1. Reasons for distributed transactions
1. The original data is stored in a single database and single table. As the business continues to expand, the amount of data continues to increase, and the performance of a single database cannot support data update and access. In order to solve the bottleneck on the database, the database is split horizontally. The transaction operation in the original database has now becomeCross-database transaction operations。
2. As the business continues to grow, split the different module services in the business intoMicroserviceLater, the cross-service distributed transaction problem caused by calling multiple microservices at the same time.
2. Various concepts in distributed transactions
When learning distributed transactions, you will see a lot of concepts in many places, and it is also confusing to see the relationship. Next, a comprehensive introduction.
First of all, X/OPEN is an organization
1.X/Open DTP model
X/Open DTP (Distributed Transaction Process) is a distributed transaction model. This model mainly uses two-phase commit (2PC-Two-Phase-Commit) to ensure the integrity of distributed transactions. In this model, there are three roles:
AP: Application, application program. That is, the business layer. Which operations belong to a transaction is defined by AP.
TM: Transaction Manager, transaction manager. Receive AP transaction requests, manage global transactions, manage transaction branch status, coordinate RM processing, notify RM which operations belong to which global transactions and transaction branches, etc. This is also the core part of the entire transaction scheduling model.
RM: Resource Manager, resource manager. Generally it is a database, but it can also be other resource managers, such as message queues (such as JMS data sources), file systems, etc.
2.XA Protocol (XA Specification)
It is a distributed transaction processing specification proposed by X/OPEN. XA standardizes the communication interface between TM and RM, forming a two-way communication bridge between TM and multiple RMs, thereby ensuring the four characteristics of ACID under multiple database resources. Currently well-known databases, such as Oracle, DB2, mysql, etc., all implement the XA interface and can be used as RM.
XA is a distributed transaction of the database, with strong consistency. In the whole process, the data is locked in a state, that is, during the whole process from prepare to commit and rollback, TM always holds the lock of the database. If someone else wants to modify it This piece of data in the database must wait for the lock to be released, and there is a risk of long transactions.
3.TCC
TCC is a distributed transaction of the business, final consistency, and there will be no lock risk of long transactions. Try is a local transaction. After the resource is locked, the transaction is committed. Confirm/cancel is also a local transaction.
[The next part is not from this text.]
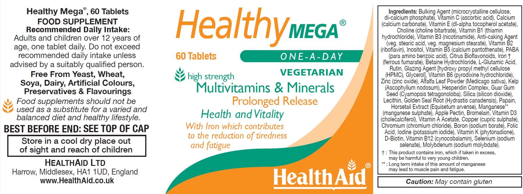 Vitamin C (ascorbic acid), Calcium (calcium carbonate), Niacin (niacinamide), Inositol, Riboflavin (vitamin B2), Natural Vitamin E (d-alpha tocopherol acetate), Thiamin Hydrochloride (vitamin B1), Pantothenic Acid (calcium pantothenate), Citrus Bioflavanoids, PABA (para amino benzoic acid), Choline (choline bitartrate), Magnesium (magnesium oxide), Silica, Betaine Hydrochloride, Potassium (potassium chloride), L-Glutamic Acid, Rutin, Vitamin B6 (pyrodixine hydrochloride), Iron (ferrous fumarate), Alfalfa Leaf Powder (medicago sativa), Kelp, Lecithin, Hesperidin Complex, Guar Gum Seed (cyamopsis tetragonoloba), Zinc (zinc oxide), Golden Seal Root (hydrastis canadensis), Papain, Horsetail Extract (equisetum arvense), Bromelain, Apple Pectin, Manganese (manganese sulphate), Copper (cupric oxide), D-Biotin, Folic Acid, Vitamin A Acetate, Iodide (potassium iodide), Chromium (chromic chloride), Vitamin B12 (cynocobalamin), Boron (sodium borate), Selenium (sodium selenate), Vitamin K (phytonadione), Vitamin D (cholecalciferol), Molybdenum (sodium molybdate), Bulking Agent (microcrystalline cellulose, maltodextrin, di-calcium phosphate, corn starch), Anti-caking Agent (veg. stearic acid, veg. magnesium stearate, magnesium silicate), Stabiliser (crosscarmellose sodium), Binding Agent (acacia), Glazing Agent (pharmaceutical glaze), Sweetener/Flavour Enhancer (mannitol, glycine), Acidity Regulator (aspartic acid, citric acid). Contains gluten.

You can directly commit the transaction, so multiple short transactions There is no risk of long transactions.
3. Theoretical basis of distributed transactions
1. Two-phase Commit (Two-phase Commit, 2PC)
It is the mechanism used by XA to coordinate multiple resources in a global transaction
As the name suggests, two-phase commit is divided into two phases when processing distributed transactions: voting (voting phase, sometimes called prepare phase) and commit phase.
There are two roles in 2pc, the transaction coordinator (? What component does this role play) and the transaction participant. The transaction participant usually refers to the application database.
The two-phase commit protocol solves the problem of strong consistency of distributed database data
defect:
-
Synchronization blocking problem. During execution, all participating nodes are transaction-blocking. When participants occupy public resources, other third-party nodes have to be blocked from accessing public resources.
-
Single point of failure. Due to the importance of the coordinator, once the coordinator fails. Participants will be blocked forever. Especially in the second stage, when the coordinator fails, all participants are still in the state of locking transaction resources and cannot continue to complete the transaction operation. (If the coordinator fails, you can re-elect a coordinator, but it cannot be resolved because the coordinatorDowntimeThe problem that caused the participant to be blocked)
-
The data is inconsistent. In the second phase of the two-phase submission, when the coordinator sends a commit request to the participants, a local network abnormality occurs or the coordinator fails during the commit request, which causes only a part of the participants to accept the commit request. After receiving the commit request, these participants will execute the commit operation. However, other machines that have not received the commit request cannot perform transaction commit. As a result, the entire distributed system has the phenomenon of data consistency.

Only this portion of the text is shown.